Chief researcher of the US and European Institute of China Center for International Economic Exchanges Zhang Monan previously pointed out in an interview that the foreign debt ratio of emerging economies is usually high. After the U.S. rate hike has pushed up the financing costs of US dollar, bringing greater debt repayment pressure to emerging economies.
Ragulam Rajan, a professor of finance at the University of Chicago Booth Business School, also said, "Many countries have never experienced a cycle of sharp rise in interest rates since the 1990s. They are already carrying a lot of debt, and borrowing operations during the epidemic have further increased their debts."
"If the US dollar appreciates further, it will become the straw that broke the camel's back." Gabriel Stern, head of emerging market research at the Oxford Economic Research Institute
, said bluntly.Previously, under the double pressure of a sharp depreciation of the local currency and high debt, Sri Lanka had declared bankruptcy.
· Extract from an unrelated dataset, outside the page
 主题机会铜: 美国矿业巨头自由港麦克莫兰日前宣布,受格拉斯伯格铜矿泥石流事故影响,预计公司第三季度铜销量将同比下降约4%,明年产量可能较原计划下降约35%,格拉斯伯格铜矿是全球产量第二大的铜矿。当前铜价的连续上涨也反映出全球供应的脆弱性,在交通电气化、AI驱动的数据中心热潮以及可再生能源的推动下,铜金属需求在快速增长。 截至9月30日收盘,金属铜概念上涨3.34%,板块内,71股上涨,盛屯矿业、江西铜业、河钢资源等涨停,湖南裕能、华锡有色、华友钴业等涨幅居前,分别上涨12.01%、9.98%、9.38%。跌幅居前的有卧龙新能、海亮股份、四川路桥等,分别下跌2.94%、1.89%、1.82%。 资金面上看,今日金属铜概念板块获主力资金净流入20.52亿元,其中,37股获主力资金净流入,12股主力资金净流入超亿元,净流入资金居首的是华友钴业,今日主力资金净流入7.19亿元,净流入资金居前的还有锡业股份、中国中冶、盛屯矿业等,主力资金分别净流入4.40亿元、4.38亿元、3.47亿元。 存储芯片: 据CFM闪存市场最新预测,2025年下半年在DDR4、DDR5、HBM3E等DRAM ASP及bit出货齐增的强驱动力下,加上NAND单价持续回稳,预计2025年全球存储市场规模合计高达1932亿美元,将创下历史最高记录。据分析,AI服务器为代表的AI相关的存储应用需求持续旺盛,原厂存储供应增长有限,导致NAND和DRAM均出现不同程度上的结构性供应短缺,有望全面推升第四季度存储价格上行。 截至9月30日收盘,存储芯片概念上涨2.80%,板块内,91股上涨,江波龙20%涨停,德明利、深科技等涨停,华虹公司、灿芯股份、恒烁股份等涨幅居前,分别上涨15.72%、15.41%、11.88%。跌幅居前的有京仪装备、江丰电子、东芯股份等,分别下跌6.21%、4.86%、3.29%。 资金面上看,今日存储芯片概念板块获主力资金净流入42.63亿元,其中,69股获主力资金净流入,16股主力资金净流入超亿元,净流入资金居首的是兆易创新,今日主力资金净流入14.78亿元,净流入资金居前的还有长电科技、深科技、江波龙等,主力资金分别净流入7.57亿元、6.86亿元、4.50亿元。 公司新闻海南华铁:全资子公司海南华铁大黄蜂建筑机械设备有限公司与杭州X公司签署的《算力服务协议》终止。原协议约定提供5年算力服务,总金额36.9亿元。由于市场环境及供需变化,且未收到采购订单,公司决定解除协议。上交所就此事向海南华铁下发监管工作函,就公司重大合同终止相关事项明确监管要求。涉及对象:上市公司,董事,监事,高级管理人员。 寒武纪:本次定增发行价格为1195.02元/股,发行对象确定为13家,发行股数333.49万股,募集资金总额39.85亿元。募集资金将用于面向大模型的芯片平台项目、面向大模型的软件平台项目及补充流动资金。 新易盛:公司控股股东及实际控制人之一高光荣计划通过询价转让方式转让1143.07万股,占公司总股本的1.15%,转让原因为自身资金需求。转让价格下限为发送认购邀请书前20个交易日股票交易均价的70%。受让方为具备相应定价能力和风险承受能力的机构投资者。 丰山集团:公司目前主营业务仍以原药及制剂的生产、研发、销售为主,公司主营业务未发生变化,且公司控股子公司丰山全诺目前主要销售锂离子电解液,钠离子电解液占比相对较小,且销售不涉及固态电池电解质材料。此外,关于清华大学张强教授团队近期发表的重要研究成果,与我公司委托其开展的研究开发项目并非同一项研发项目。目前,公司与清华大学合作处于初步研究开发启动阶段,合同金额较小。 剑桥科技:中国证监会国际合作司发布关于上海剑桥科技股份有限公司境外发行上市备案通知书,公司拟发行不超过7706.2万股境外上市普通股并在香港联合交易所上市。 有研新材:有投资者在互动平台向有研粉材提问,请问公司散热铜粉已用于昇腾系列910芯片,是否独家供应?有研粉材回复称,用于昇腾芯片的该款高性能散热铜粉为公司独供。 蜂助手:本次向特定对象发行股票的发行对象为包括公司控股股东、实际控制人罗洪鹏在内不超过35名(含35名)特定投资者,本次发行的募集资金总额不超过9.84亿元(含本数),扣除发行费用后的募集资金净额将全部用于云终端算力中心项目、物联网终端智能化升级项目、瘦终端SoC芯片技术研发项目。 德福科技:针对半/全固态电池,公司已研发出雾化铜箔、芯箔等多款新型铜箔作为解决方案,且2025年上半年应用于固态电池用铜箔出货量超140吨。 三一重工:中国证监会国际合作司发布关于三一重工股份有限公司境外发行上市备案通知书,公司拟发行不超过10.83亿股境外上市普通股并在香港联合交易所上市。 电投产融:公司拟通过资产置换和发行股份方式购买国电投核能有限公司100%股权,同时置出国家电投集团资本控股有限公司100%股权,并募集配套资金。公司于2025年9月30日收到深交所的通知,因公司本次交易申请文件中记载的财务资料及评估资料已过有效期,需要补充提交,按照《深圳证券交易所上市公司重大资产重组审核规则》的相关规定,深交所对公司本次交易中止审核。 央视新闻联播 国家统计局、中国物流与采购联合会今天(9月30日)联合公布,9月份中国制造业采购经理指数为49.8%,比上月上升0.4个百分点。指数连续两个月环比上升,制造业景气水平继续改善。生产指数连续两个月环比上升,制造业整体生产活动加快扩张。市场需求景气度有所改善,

There are also many countries currently on the brink of the debt crisis.
International Monetary Fund (IMF) President Georgieva said in an event recently that with the tightening of the financial environment and the appreciation of the US dollar, 25% of emerging markets are in or close to debt difficulties, and more than 60% of low-income countries are facing debt difficulties.
"Historically, the US interest rate hike cycle and the US dollar strengthening cycle are often the fuse of the debt crisis in emerging markets. Typical cases include the Latin American debt crisis in the 1980s and the Asian financial crisis in 1997." Luo Zhiheng, chief economist of Guangdong Securities, said.
Luo Zhiheng believes that the domestic economy is fragile, the exchange rate depreciation is large, the balance of payments is imbalanced, the emerging markets with high short-term debt and unstable political situation continue to increase, especially non-oil-producing countries such as Argentina , Turkey, Eastern Europe, Hungary , Poland , and Middle East Egypt have higher risks.